You an also use a UI tool like GitHub Desktop or GitKraken. If you have
git installed and integreated with R, you can again use
usethis
to set everything up. And usethis
even
has some help
info on getting started with git if this your first time.
use_git() #this prompts a restart of your session
use_github(organisation = "USAID-OHA-SI")

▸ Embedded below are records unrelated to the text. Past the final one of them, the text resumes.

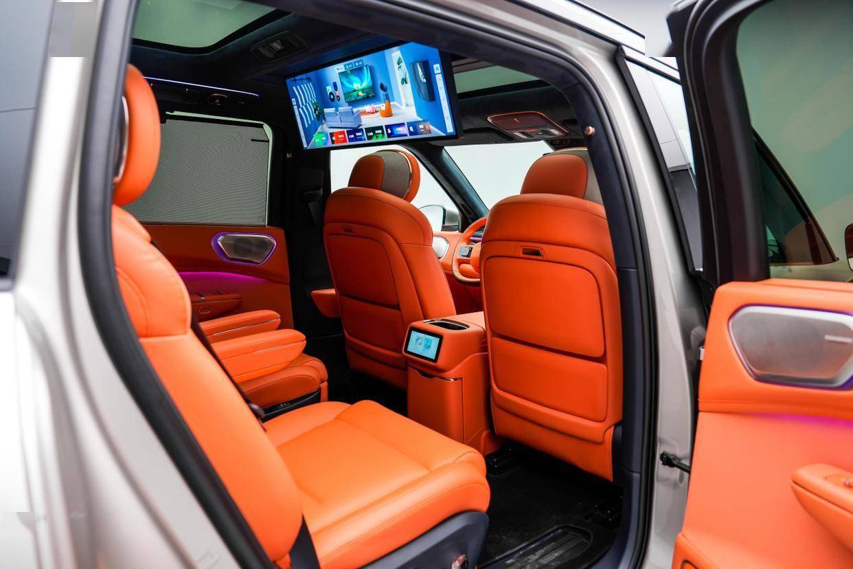 在空间设计和智能配置上,领克900同样展现出了其前瞻性的设计理念。基于SPA Evo架构,领克900拥有3160mm的轴距和纯平地板设计,车内空间宽敞舒适。三排座椅的腿部空间均达到了820mm,实现了六座空间的平等分配。二排电动旋转座椅可180度旋转,搭配大尺寸电动天地门,进一步拓展了车辆的使用场景。智能座舱方面,领克900同级首搭双8295芯片,实现了多屏联动,搭配哈曼卡顿音响系统,为用户带来了沉浸式的视听体验。
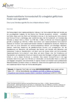 Rassismuskritische Vormundschaft muss auf einem Wissen über die Entstehung und Reproduktion von rassistischen Strukturen basieren sowie über Strategien verfügen, sich möglichst kritisch in und zu diesen Strukturen zu verhalten. Diese Orientierungshilfe soll erste Impulse für eine rassismuskritische Praxis der Vormundschaft geben.
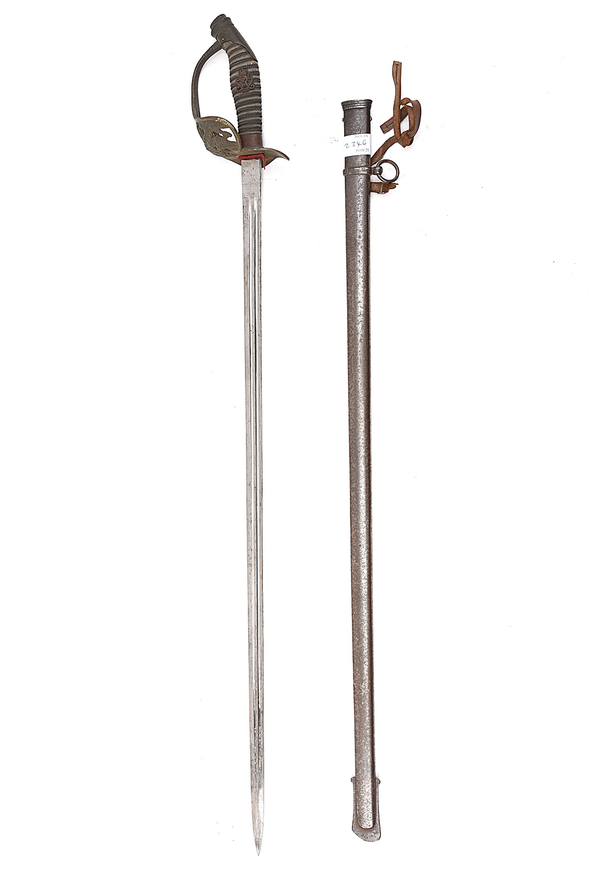 AN IMPERIAL GERMAN PATTERN 1889 INFANTRY OFFICERS SWORD, circa World War I, with 30 1/2in. paired double-fullered blade with the blacksmith symbol and 'P. O & Co' on the ricasso, pierced brass guard with Imperial Eagle, wire-bound grips with Imperial Crest to right and leather strap, steel scabbard with single suspension ring, blade clean, scabbard undented but some rust and pitting with strap remains, 38in. overall
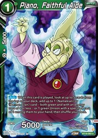 Description: [Auto] When this card is played, look at up to 5 cards from the top of your deck, add up to 1 "Namekian" or "Demon Clan" card?both green and with an energy cost of 4 or less?or 1 green Unison with a specified cost of 2 among them to your hand, then shuffle your deck.
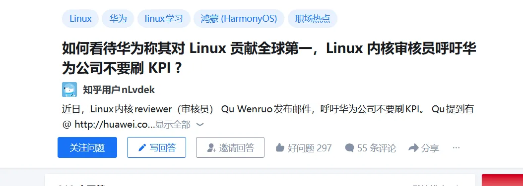 最近Linux社区引发热议,华为宣称对Linux的贡献全球第一,却遭Linux内核审核员Greg Kroah-Hartman公开喊话:别为刷KPI提交低质量代码。

The last thing we’ll use usethis
for is to set up a
license for the project. We use the MIT license which calls for
attribution for downstream uses of your work and specifies that the
software is provided as is.
usethis::use_mit_license("Dr. Raj Shah") #add your name
Okay, so we go through the basics of setting up a project, now let’s
turn to some workflow specifics that glamr
is going to help
us with.
The primary function we’re going to run to get us going is
si_setup
. If we look under the hood at
si_setup
, we can see it actually contains three
sub-function.
si_setup
#> function ()
#> {
#> folder_setup()
#> setup_gitignore()
#> setup_readme()
#> }
#> <bytecode: 0x555c12ad3ae8>
#> <environment: namespace:glamr>
The first one, folder_setup()
initiates the main folders
we use for our work:
If you clone from GitHub not all the folders may exist there, so we
recommend running folder_setup()
on its own to establish
the same organization on your local machine. The reason we have created
this into a function is to ensure uniformity across our projects and
know what to expect when we pick up someone else’s work (or our own work
from the distant past).
The next function that is run is setup_gitignore()
,
which creates a .gitignore
file in your project. The
primary purpose of this file is to ensure that our data and outputs are
not being published to the web. By default after running
si_setup()
most data formats/folders will be kept from
being published. Below is what the .gitignore
file will
look like.
#R basics
.Rproj.user
.Rhistory
.RData
.Ruserdata
#no data
*.csv
*.gz
*.txt
*.rds
*.xlsx
*.xls
*.zip
*.png
*.pptx
*.tfl
*.twb
*.twbx
*.tbs
*.tbm
*.hyper
*.sql
*.parquet
*.svg
*.dfx
*.json
*.dta
*.shp
*.dbf
#nothing from these folders
AI/*
GIS/*
Images/*
Graphics/*
Data/*
Dataout/*
And the last component from si_setup()
is to add a
standard USAID disclaimer to your project’s README.md
file
(and creates this file if its missing).
From a project standpoint, now you’re good to go.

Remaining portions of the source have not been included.